Amazon Redshift setup requirements

Configuring PostgreSQL as a replication target is straightforward. You need to have a user with permissions to create new schemas and tables in an Redshift database and you can replicate data from all the supported Taps (Data Sources).

Configuring where to replicate data

PipelineWise configures every target with a common structured YAML file format. A sample YAML for Redshift target can be generated into a project directory by following the steps in the Generating Sample Pipelines section.

Example YAML for target-redshift:

---

# ------------------------------------------------------------------------------
# General Properties
# ------------------------------------------------------------------------------
id: "redshift"                        # Unique identifier of the target
name: "Amazon Redshift"               # Name of the target
type: "target-redshift"               # !! THIS SHOULD NOT CHANGE !!
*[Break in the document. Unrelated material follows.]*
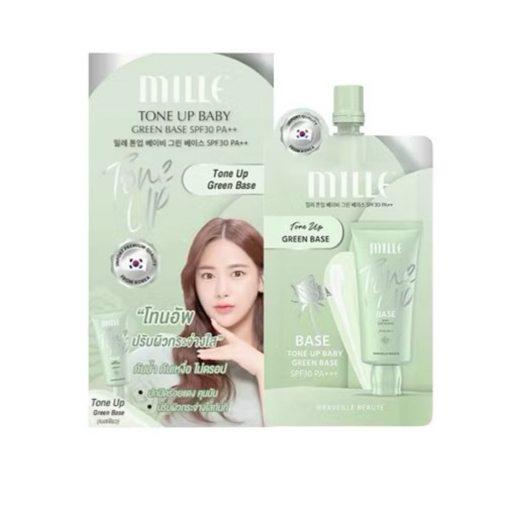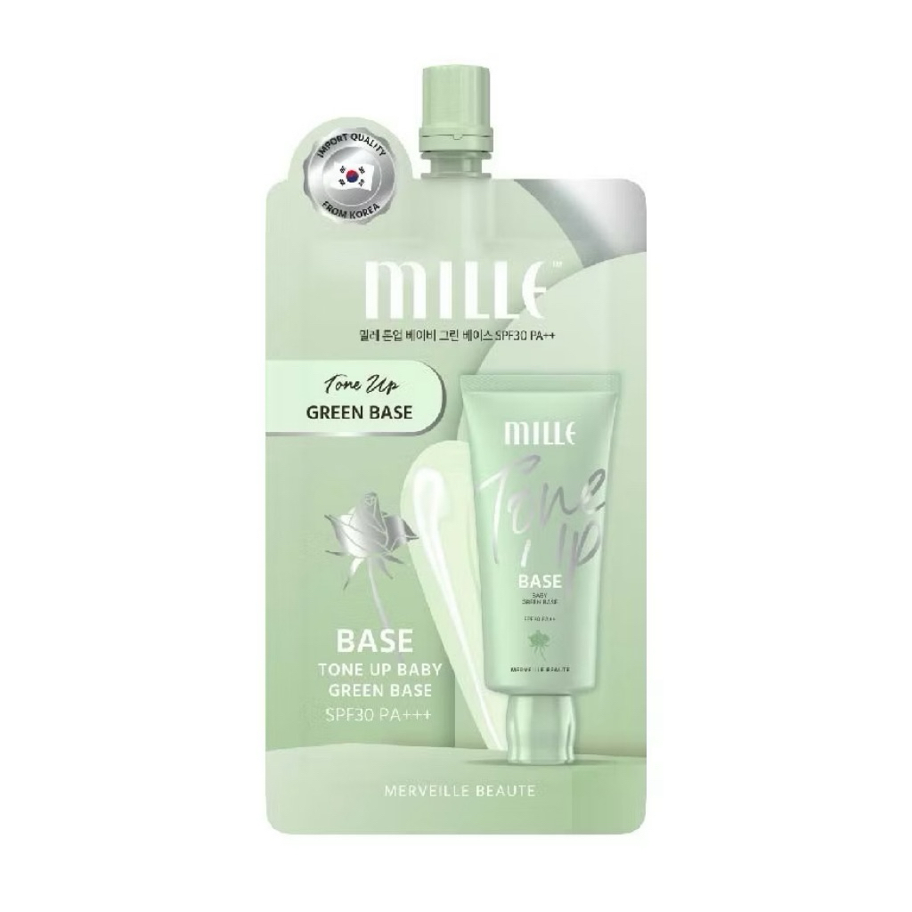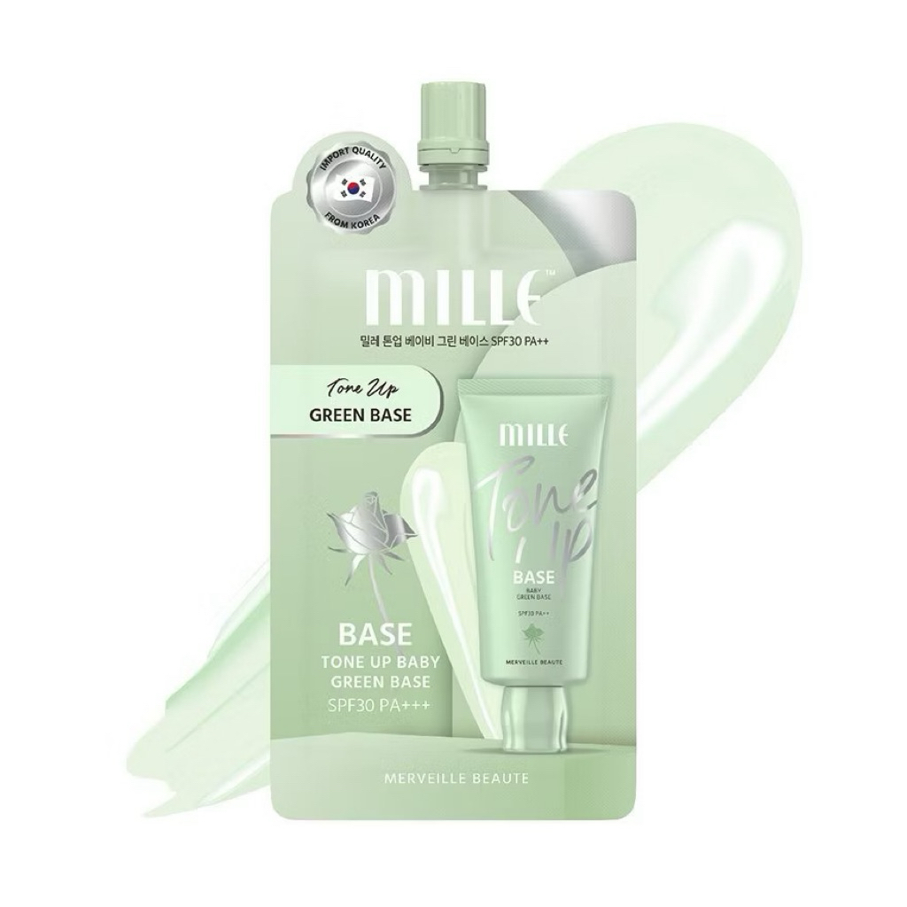 MILLE TONE UP BABY GREEN BASE SPF 30 PA++ เบสเขียว ลดรอยแดง 6g. (ยกกล่อง 6 ซอง )

# ------------------------------------------------------------------------------
# Target - Data Warehouse connection details
# ------------------------------------------------------------------------------
db_conn:
  host: "xxxxx.redshift.amazonaws.com"          # Redshift host
  port: 5439                                    # Redshift port
  user: "<USER>"                                # Redshift user
  password: "<PASSWORD>"                        # Plain string or vault encrypted
  dbname: "<DB_NAME>"                           # Redshift database name

  # We use an intermediate S3 to load data into Redshift
  aws_access_key_id: "<ACCESS_KEY>"             # Optional: Plain string or vault encrypted. If not provided, it will be collected from AWS_ACCESS_KEY_ID env var
  aws_secret_access_key: "<SECRET_ACCESS_KEY>"  # Optional: Plain string or vault encrypted. If not provided, it will be collected from AWS_SECRET_ACCESS_KEY env var
  #aws_session_token: "<STS_TOKEN>"             # Optional: AWS STS token for temporary credentials. If not provided, it will be collected from AWS_SESSION_TOKEN env var
  #aws_redshift_copy_role_arn: "<ROLE_ARN>"     # Optional: AWS Role ARN to be used for the Redshift COPY operation.
                                                #           Allow the user to use environment credentials and delegate the COPY command to a role
                                                #           Used instead of the given AWS keys for the COPY operation if provided
  s3_bucket: "<BUCKET_NAME>"                    # S3 external bucket name
  s3_key_prefix: "redshift-imports/"            # Optional: S3 key prefix

  # Optional: Overrides the default COPY options to load data into Redshift
  #           The values below are the defaults and fit for purpose for most cases.
  #           Some basic file formatting parameters are fixed values and not
  #           recommended overriding by custom ones.
  #           They are like: CSV GZIP DELIMITER ',' REMOVEQUOTES ESCAPE
  #copy_options: "
  #  EMPTYASNULL BLANKSASNULL TRIMBLANKS TRUNCATECOLUMNS
  #  TIMEFORMAT 'auto'"